Among amphibians a dorsal pouch is located on the back of the female frog, Nototrema pygmaeum, of Venezuela, for carrying eggs, while the male Rhinoderma darwini of Java contributes his vocal sacs temporarily to serve as brood pouches.
The transient brood sac of monotremes and the permanent “marsupium” of the marsupials among mammals are further examples of structures belonging to the reproductive apparatus, since they obviously have been developed in the interests of the race rather than of the individual.
Eggs destined to leave the body of the female before development are provided with some sort of a protective envelope or capsule. In water this does not need to be a very complicated structure, but exposure to dry air demands a shell of some kind.
It is apparent that fertilization must occur before the shell is put on to the egg, otherwise the sperm would encounter an insuperable barrier. Consequently nidamental glands, which produce the shell, are located in the walls of the oviduct some distance from the ostium abdominale, in order to allow opportunity for the egg and sperm to meet before the shell is added.
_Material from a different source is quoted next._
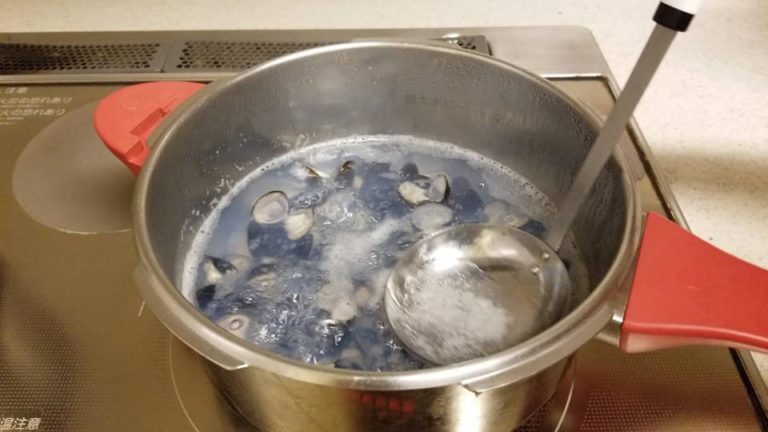 ②沸騰したお湯にしじみを投入!

Incidentally, putting a workman-like shell around a soft egg is an accomplishment which would be baffling to a human inventor.
Albumen glands, that furnish the “white of the egg,” are also located in the walls of the oviduct between the ostium abdominale and the nidamental glands, since this extra store of nutriment must be added after fertilization, but before the egg is encased in a calcareous shell. The familiar cackling of a hen that has just succeeded in laying an egg is a true song of triumph, stimulating to a comparative anatomist who appreciates something of the intricacies of its elaboration.
Not only does the calcareous shell protect the exposed egg from injury, but, in the case of many birds, blending colors or blotches which help to camouflage it from searching enemies are deposited in the substance of the shell.
The aquatic eggs of the internally fertilized elasmobranchs are enclosed in purselike horny capsules, supplied at each corner with curling tendrils, which entangle them among seaweeds, so that the embryo fishes sway and rock within their curious cradles in comparative security until ready to emerge.
Placenta in Mammals
True mammals provide a placenta for the developing young. This is an elaborate compound vascular organ, made up of interdigitating villi from the walls of the uterus and from the allantois of the embryo (Fig. 406), which brings the capillaries of the mother into intimate contact with the capillaries of the fetus, thus establishing a nutritive and respiratory bridge between mother and offspring.
There are other embryonic devices in mammals, such as the amnion and other fetal envelopes, which provide for the welfare of young reptiles, birds, and mammals. These should not be overlooked in reckoning up the anatomical contrivances that aid in the preservation of the species.